Capitalization is acceptable with a total assets/total common equity ratio of 9.5 times, though leverage is increasing with lower equity levels. With its issuance of a promissory note, the ratio of debt plus preferred shares-to-capital has increased to 40% as of Q 2017, up from 34% a year earlier. This ratio has been trending upward since 2013, reflecting net losses that have reduced equity capital levels. With working capital of about $150 million, capital levels remain well above regulatory net capital requirements. Despite this, DBRS expects that franchise investments could be hindered as the Company balances the need to generate returns and grow capital through retained earnings while continuing to invest in the franchise and compensate employees.
RATING DRIVERS
DBRS remains concerned that GMP is lacking the sufficient sector diversification to weather a continued challenging operating environment. If the Company is unable to return to sustainable profitability, particularly if capital levels continue to be eroded, or if pressure on cash flows increases, the ratings would likely come under pressure. Furthermore, any significant operational or reputational issues would likely pressure ratings.
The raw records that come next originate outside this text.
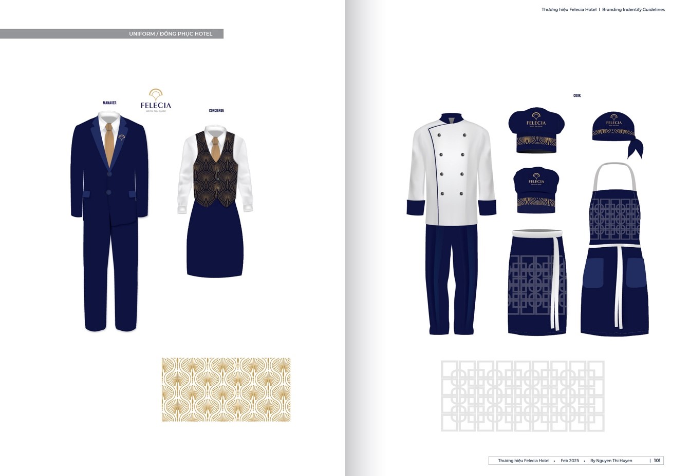 Các họa tiết Chevron và Mosaic, đặc trưng của Art Deco, không chỉ xuất hiện trong logo mà còn được áp dụng rộng rãi trong các thiết kế khác như biển hiệu, brochure, danh thiếp và các nền tảng truyền thông số. Các họa tiết này giúp tạo ra một phong cách thiết kế độc đáo và dễ nhận diện, đồng thời tạo sự đồng bộ trong toàn bộ hệ thống nhận diện thương hiệu của khách sạn Felecia. Sự đồng bộ và linh hoạt trong hệ thống nhận diện:
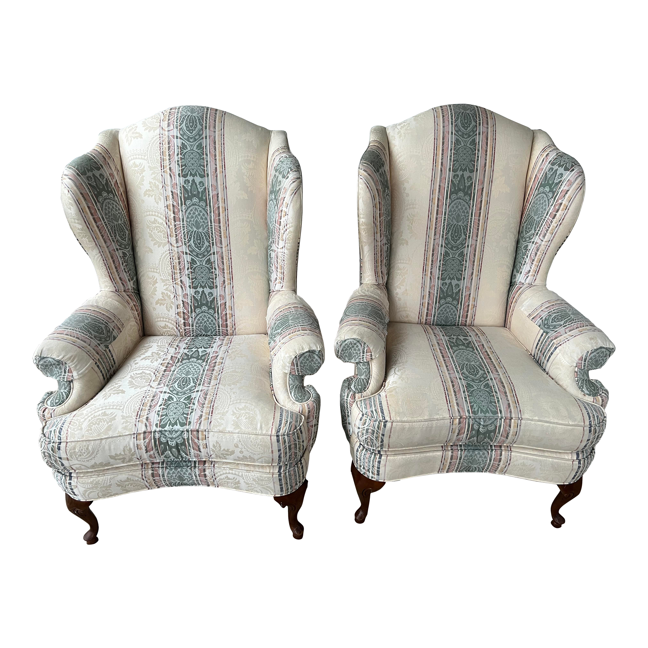 Antique Pair of Drexel Heritage Queen Anne Style Wingback Chairs Very well made.
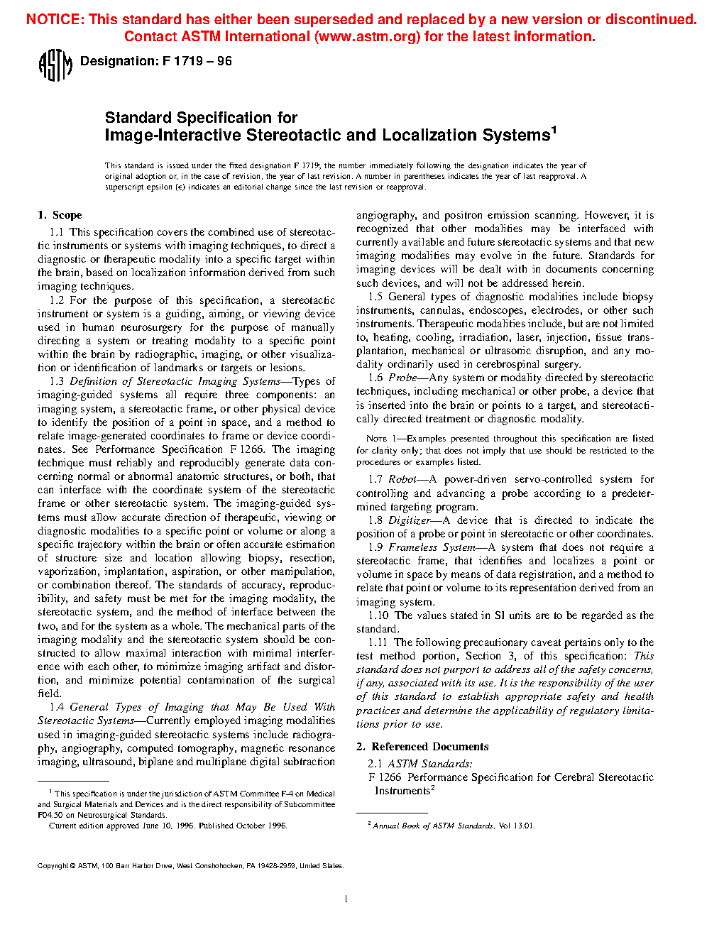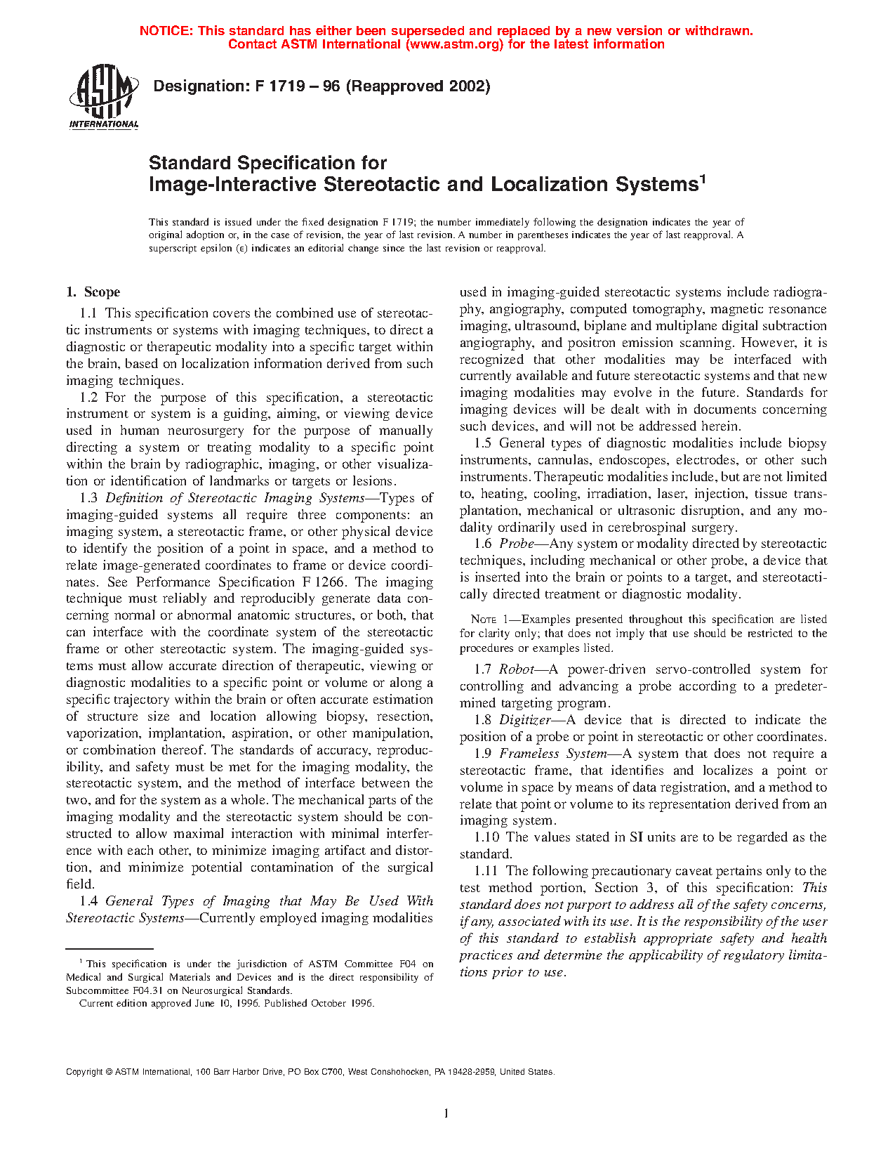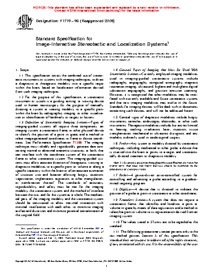 1.1 This specification covers the combined use of stereotactic instruments or systems with imaging techniques, to direct a diagnostic or therapeutic modality into a specific target within the brain, based on localization information derived from such imaging techniques.
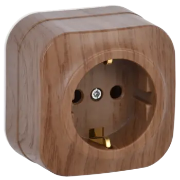Розетка IEK GLORY РС20-3-ХД, открытый монтаж, однопостовая, с з/к, 16A, в сборе, IP20, дуб (ERH11-K24-16), РС20-3-ХД
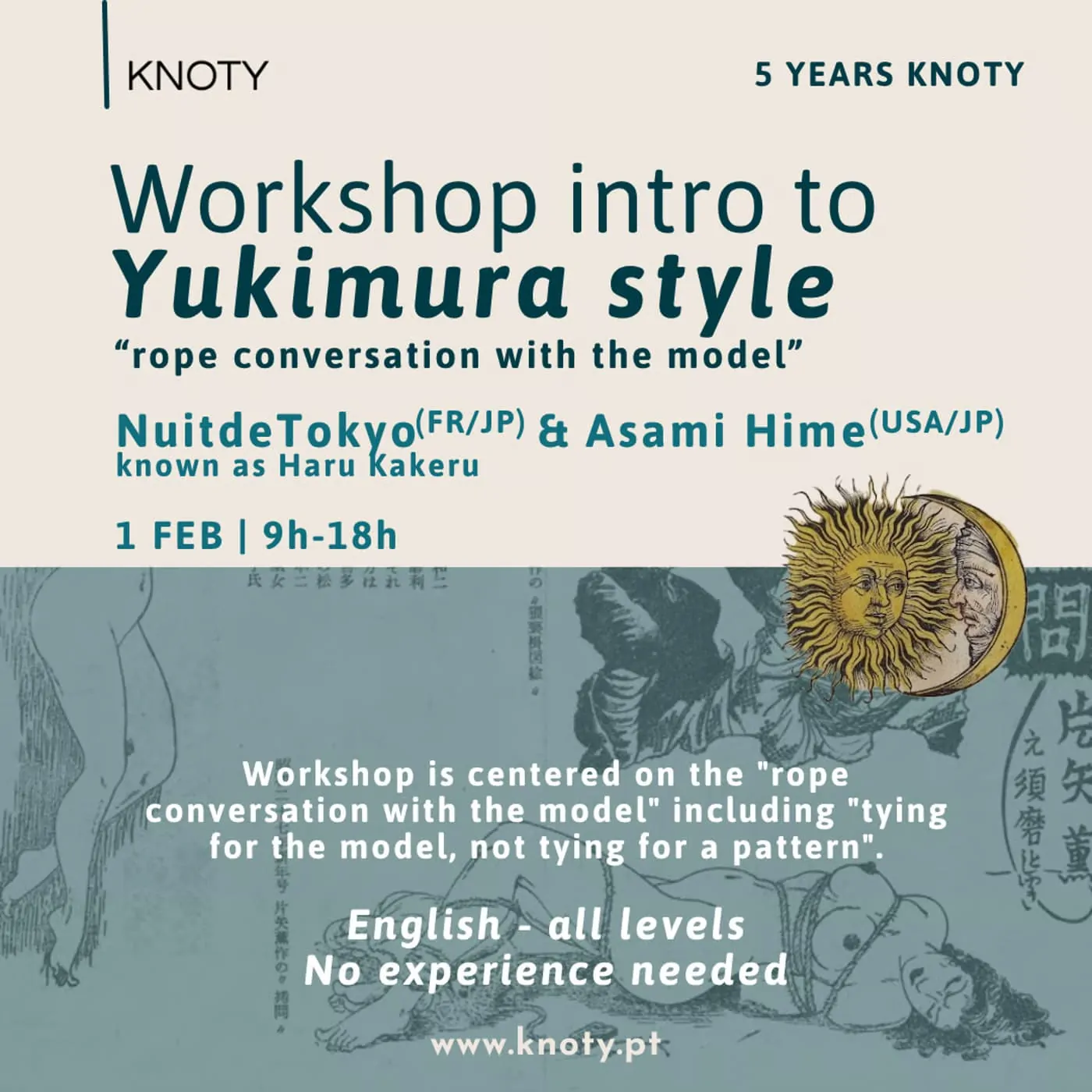 Workshop de nível aberto, destinado a iniciantes absolutos e curiosos, focado no estilo Yukimura de shibari. Inclui técnicas de «conversa com a corda com a modelo», leitura da tensão da corda e do modelo, amarrações eróticas não fotográficas e práticas seguras. Inscrição obrigatória. Bilhetes disponíveis para participantes individuais (Listeners) ou combinados com outros workshops.

While a rating upgrade over the intermediate term is unlikely, if GMP is able to improve returns in both its Capital Markets and Wealth Management businesses, while diversifying away from the Resource sector, these developments could put positive pressure on its rating.
Notes:
All figures are in Canadian dollars unless otherwise noted.
The principal methodologies are the Global Methodology for Rating Banks and Banking Organisations (May 2017) and Preferred Share and Hybrid Criteria for Corporate Issuers (December 2016). These can be found at http://www.dbrs.com/about/methodologies.
The primary sources of information used for this rating include company documents and SNL Financial. DBRS considers the information available to it for the purposes of providing this rating was of satisfactory quality.
This rating is endorsed by DBRS Ratings Limited for use in the European Union.
Lead Analyst: Lisa Kwasnowski, Senior Vice President
Rating Committee Chair: Michael Driscoll, Managing Director
Initial Rating Date: February 1, 2011
Last Rating Date: May 26, 2016
The rated entity or its related entities did participate in the rating process. DBRS did have access to the accounts and other relevant internal documents of the rated entity or its related entities.